They are hiding the visual BSoD, but the problem from which the error that generates the screen is still there. It is still a BSoD, just without actually showing the blue screen. BSoD is a term that means more than it's wording suggests. There is more to a BSoD than the Blue Screen of Death.
System builders aren't always the only ones who need to reinstall Windows. I've reinstalled plenty of Windows systems from manufactures, like Dell, that require many drivers to function beyond rendering the desktop. No network, no sound, no video. It is very common. Sure, the generic display drivers are working well enough to install the other drivers, but rarely do people both to keep their setup discs.
And as for building my own machines, I often have hardware that I got for free, which means no drivers.
The point of all this was, saying that everything works for Windows out of the box is even crazier than saying everything works for Linux out of the box.

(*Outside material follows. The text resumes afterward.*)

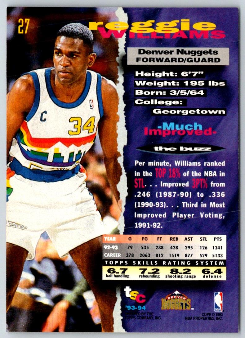 This 1993 Stadium Club First Day Issue Reggie Williams #27 Denver Nuggets card is a must-have for any serious sports collector. Features a full-color image of Reggie Williams in his Denver Nuggets uniform, with a glossy finish that brings out the vivid details. An official card of the 1993 Stadium Club First Day Issue Series, it is a great addition to any collection. Perfect for displaying and preserving the legacy of one of the game's greatest players.
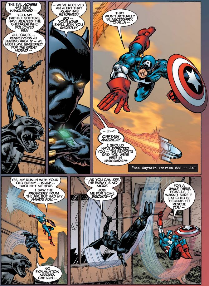 Finally, Black Panther #12 serves as a sort of epilogue to our tale, as the king of Wakanda alerts his subjects to Klaw’s return, only to receive an update from Captain America himself…

It doesn't. Simple as that. Hardware is complicated like that. Nobody wants to make something that doesn't do something special, and that something special always breaks something ordinary.
I love it! It works well, has some new usability tricks and keyboard hotkeys that actually help, and the new taskbar is actually excellent. Plus it has cool borrowed ideas like the background rotator like OS X. Seems to run faster than Vista on my laptop as well.
I say give it a shot! Dual boot it at the very least to try, but I like it.
Do you think people will hack their way around the Beta time limit?
That is my biggest concern before installing it on my main desktop!
Oh please. My machine has some special drivers I have to install from a disk for my hardware, for it to work to it's full potential, but after a clean Windows XP install, everything, even my video card work. Granted if I want to get the full ability of my video card I need the current drivers, BUT, it will work without it. Windows does a good job of making the machine work without the proper drivers.
I'd just like to throw in that the newer XP discs, especially those distributed by OEMs, are pretty good at having all of the right drivers (and then some). I used a Dell OEM Windows XP Pro install disc the other day on a computer I built myself, and I did not have to update drivers, it even had my nvidia graphics card driver.